И, натурально, Барбе был тут как тут. Со всем нерастраченным запасом галантности и рукой, мягко протянутой навстречу:
— Неловко сидеть, пока дама идёт пешком. Что до возницы — ему больше ничего и не остаётся. Только пусть двигается за сэнией, чтобы задавать ритм и не мешать осматриваться.
— В поводу вести нельзя, потому что вперёд и шагом, — согласился Орихалхо с высоты своего положения. — Лошадям приходится хлыстом указывать, когда обойти проблему стороной, а когда налечь и рвануть из рытвины.
— Ой, только вот этого не надо, — пробормотала Галина.

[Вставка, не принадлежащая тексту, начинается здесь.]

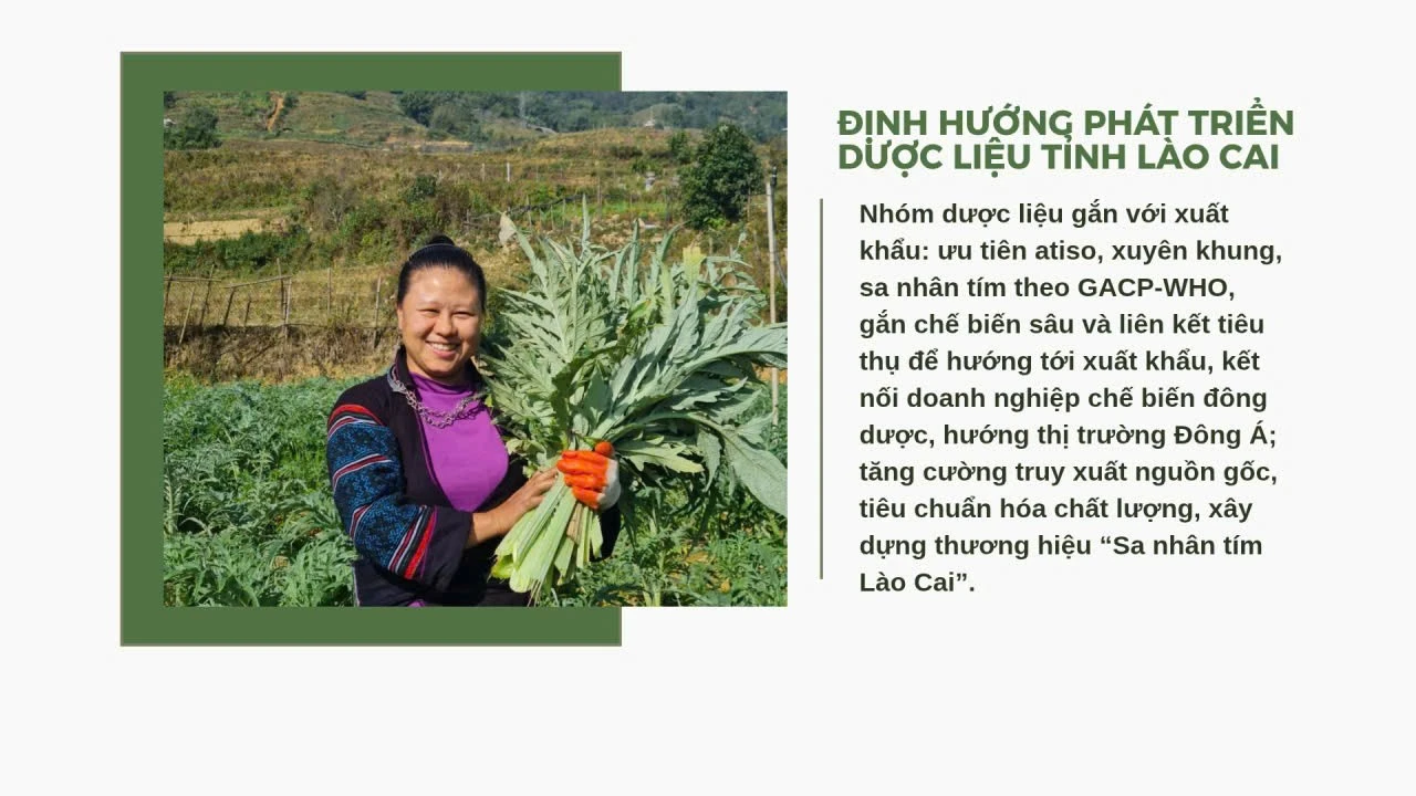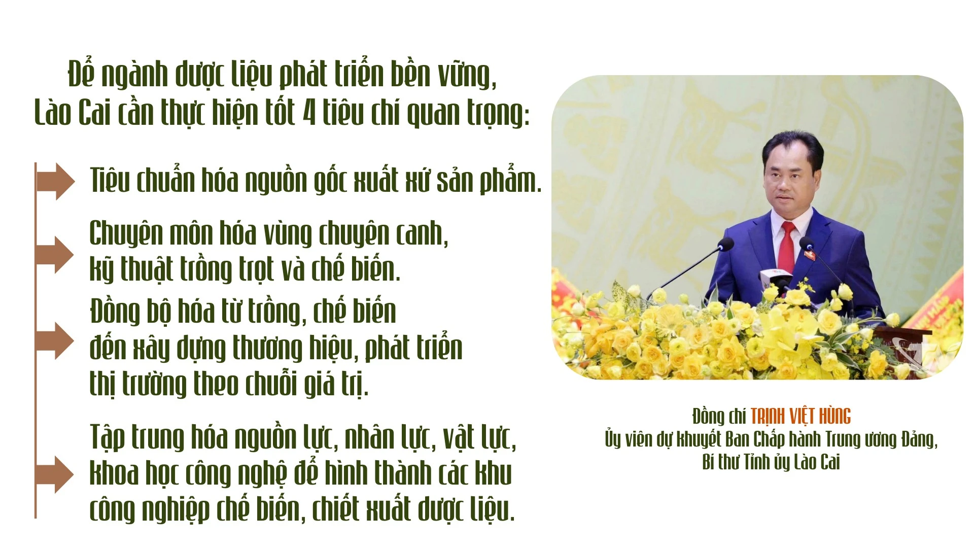 Với mục tiêu rõ ràng, sự vào cuộc quyết liệt của cấp ủy, chính quyền, sự các cấp, sự đồng hành của nhà khoa học và doanh nghiệp, ngành dược liệu hoàn toàn có thể trở thành một trụ cột kinh tế của Lào Cai, góp phần nâng cao đời sống người dân vùng cao và khẳng định vị thế trên bản đồ dược liệu quốc gia và thế giới.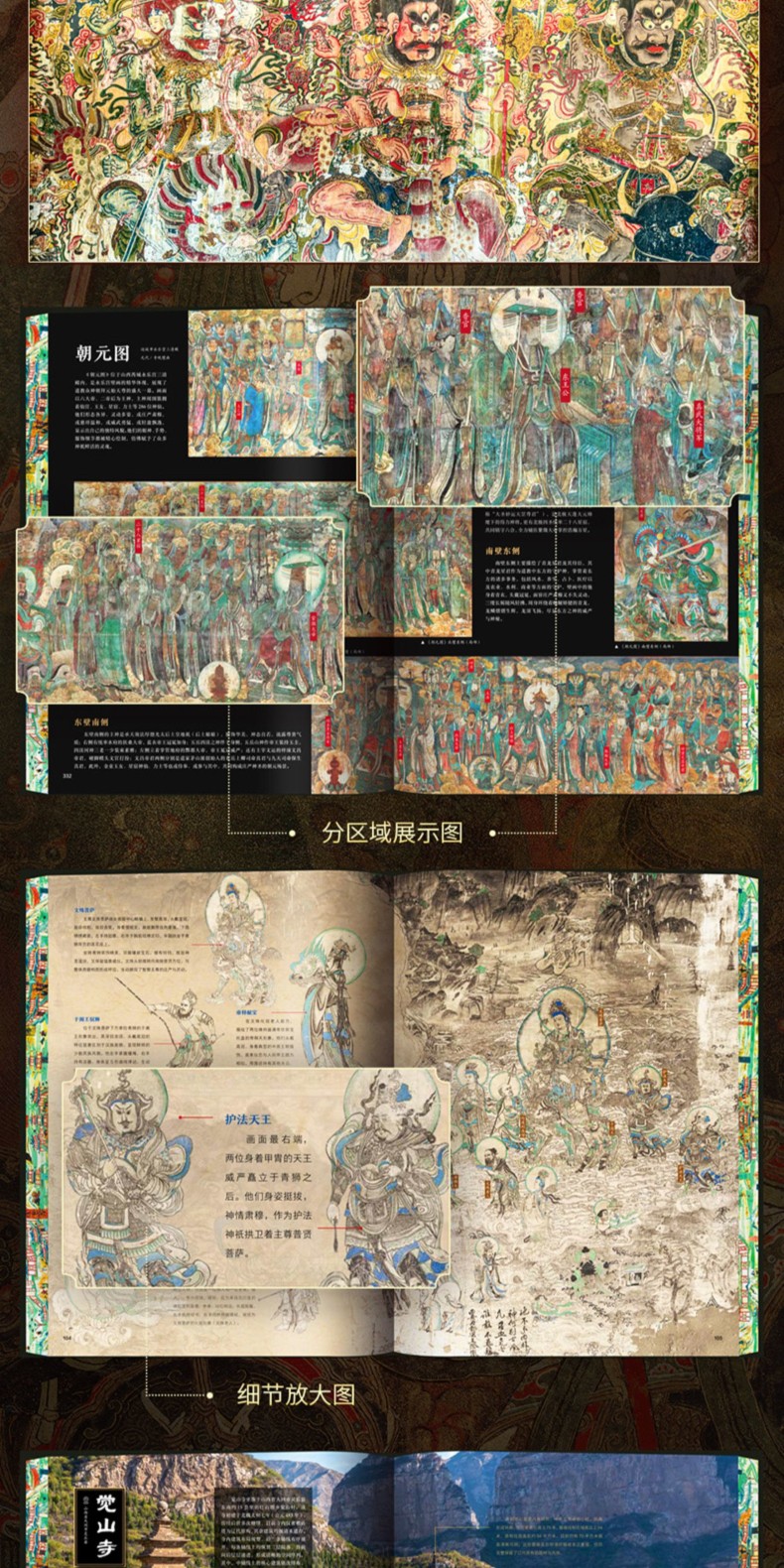 3. 1000張高清絕美插圖,搭建中國壁畫終極視覺檔案庫:既有壁畫全景圖,也有局部圖、細節圖帶領讀者近距離欣賞每幅壁畫,連壁畫斑駁的肌理,以及畫中人物的神態、衣紋都清晰可見,將東方美學展現地淋漓盡致,讓讀者在潛移默化中提升美學素養。還有多幅實拍圖、空拍圖展示壁畫的實際位置、分佈,讓讀者得以全方位、多角度觀賞中國壁畫。

— Ничего-ничего, сэния, ты на его словесно-звуковые провокации не поддавайся, знай дыши глубже. Орри, помимо прочего, имеет в виду, что с его места обзор дальше.
Однако изменения в пейзаже увидели все трое одновременно.
Сначала это была насыщенно яркий газон, отороченный приземистыми кустами и поделенная на куски арочными мостами. Узнав в деревьях яблони с мощным стволом и раскидистой кроной, и сопоставив пропорции, Галина поняла, что мостами казались сложенные из камня и кирпича пешеходные тропы или невысокие акведуки, снаружи замыкающиеся в кольцо размером в две трети её роста. Может быть, и то, и другое одновременно, а заодно и ограждения. Арки были ложные, кроме одной или двух. Ибо и газон оказался не так коротко стрижен, как на первый взгляд: на иных клочках его паслись овцы или коровы под надзором лохматых псов, другие вымётывали из себя колос, на третьих, как на леваде, резвился племенной жеребец или кобыла с приплодом. Довольно широкая насыпь делила культурный пейзаж пополам: один край её терялся в верещатнике, другой простирался к горизонту.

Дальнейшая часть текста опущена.